November 29, 2010
By apinella BRONZE, Winchester, Massachusetts
apinella BRONZE, Winchester, Massachusetts
1 article 0 photos 0 comments

I saw the best minds, worst minds, and most mediocre minds of my generation destroyed by
madness, hunger, selfishness and pain.
The way the world works, nobody can escape from the binds of consuming and conforming.
In a bitter harmony, the world’s richest and poorest fight for a way to the top, the two groups equally seeking more and more. Enough is never enough.
The fat banker sits at his mahogany desk in the corner office and writes check after check to pay his various bills—water, heating, telephone, electricity, home theater, Jacuzzi, plane tickets to St. Maarten’s, private chef, personal masseuse, helicopter, in-home Ferris Wheel.

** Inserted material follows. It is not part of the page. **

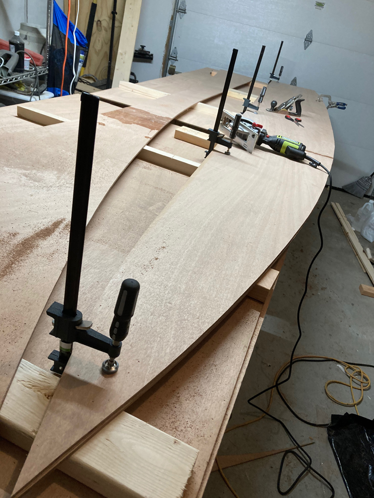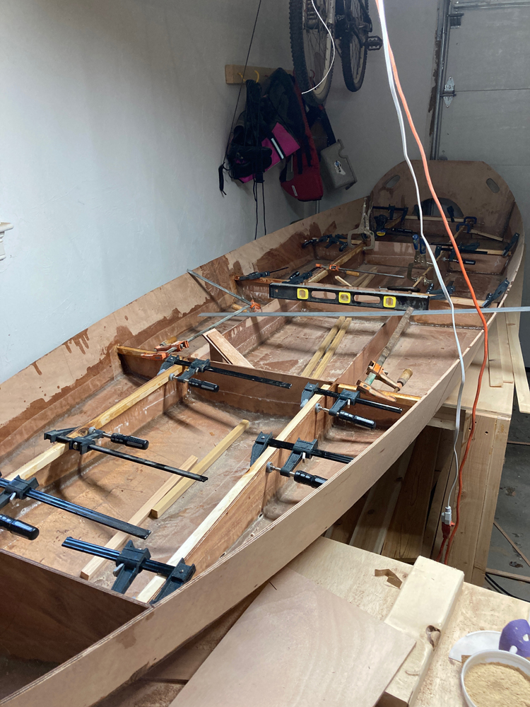 Going slow, i just faired the tops of the stringers this weekend and finished giving any bare wood a coat of epoxy. I'll bring the boat inside the house the next couple days and pour the foam inside the house, then bring it back outside to the garage to shave it. I can't get my garage nearly warm enough to pour the foam.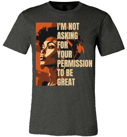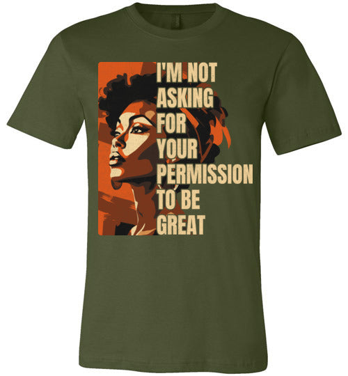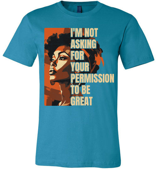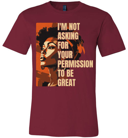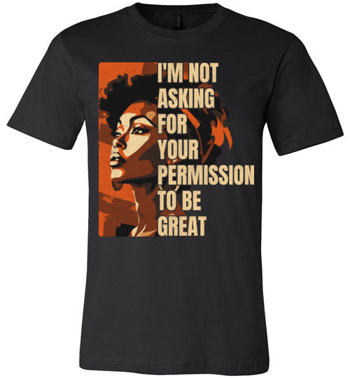 The I'm Not Asking for Your Permission to Be Great T-Shirt says everything without apology. Featuring a striking side profile of a woman with a bold afro, this design is all about confidence, self-worth, and refusing to shrink.

Forty floors below him, on the sidewalk, the withered beggar divides his change—dollar menu burger and fries, a bottle of Seagram, and his lady companion at Third and Avenue.
But if the poor had the resources of the rich, their bills would be no different. Economic caste means nothing in terms of greed. Enough is never enough.
One block away, in a small apartment, a tall, slim teenager looks at herself in the mirror. She sees nothing but large hips, a protruding potbelly and untoned arms. She shuffles into the bathroom and sticks her fingers down her throat, purging away her lunch.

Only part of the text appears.